I believe that ushers and sacristans should be trained and armed in the event of a violent act by some crazy criminal during Mass, especially if a bishop is present.
Fr.Bednar is a bit suspect.Why should he object to a prayer that has been in the church for so many years.What is his agenda??!! His background should be looked into….
Fr. Bednar comes with a lot of backstory baggage. Currently a retired priest in residence at a parish in Cleveland, he once penned a book lauding Jesuit theologian William Lynch. If I understand correctly, Lynch believed, controverting scholastic and Church teaching on faith and on imagination, that imagination somehow analogically is akin to faith. America has republished a 1943 Lynch article at http://www.americamagazine.org/voices/william-lynch. Commonweal also has an article lauding Lynch. A synopsis of Bednar’s book can be read at http://www.ebay.com/itm/Faith-as-Imagination-The-Contribut-Bednar-Gerald.
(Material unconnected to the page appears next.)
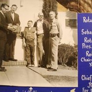 Poster photo of Delbert Triggs, president of Sebastopol Rotary, Rotarian Jack Hanley, Superintendent of Sebastopol Elementary School, Rotarian Dick Hogan, Chairman of Rotary Youth Committee and Jack Pilgrim, Chief of Police, Sebastopol and young David Collinsorth being presented with garments for the schools Safety Patrol, about 1950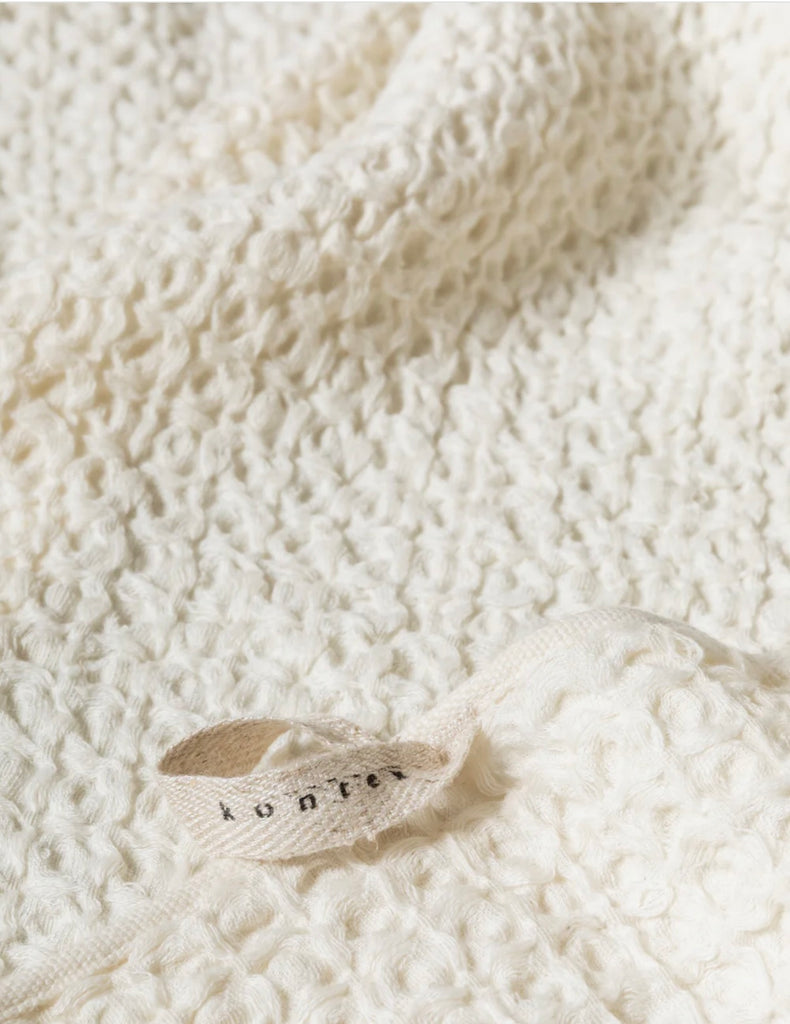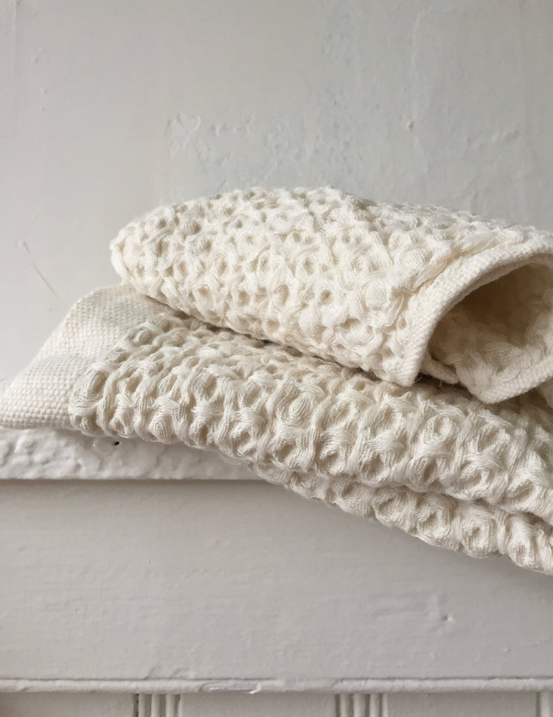 The Lattice weave towel collection features a three-dimensional blend of linen, ramie, and cotton fibers. They are exceptionally absorbent and quick-drying towels making them perfect for tiny bathrooms with inadequate ventilation. This waffle weave is soft to the touch, elegant, and simply practical. Each towel has a handy cotton loop for hanging.

Long and short, Fr. Bednar is likely near his life’s end, after a probable lifetime of having seen modernist dreams of his church wafting away as his own lifeblood waned. Then someone offered him the WSJ venue as a means of renewing an aged and infirm man so blood running cold could flow more freely on imagined faith.
Bednar, Lynch, and the ilk of the faith of such fellows speaks against Church practices which arose long before them and VCII. The praying of this prayer will survive long after our day.
Neither Lynch, Bednar nor any progressive modernist can cite evidence against its efficacy on anything other than imaginary grounds.
See the ancient history, beauty, and validity of the St. Michael Prayer at catholiceducation.org/en/culture/the-prayer-to-st-michael.html
The prayer is ***NOT PART OF THE MASS***. ANY PERSON SUBJECTED TO IT against his will AFTER MASS HAS ENDED IN A CATHOLIC CHURCH IS FREE TO VISIT THE REST ROOM, PLUG IN EARPHONES, OR EXIT THE CHURCH, AND GOOD RIDDANCE.
Good and victorious St. Michael the Archangel, as guardian of nations, we thank you for your protection. We praise and thank God for you.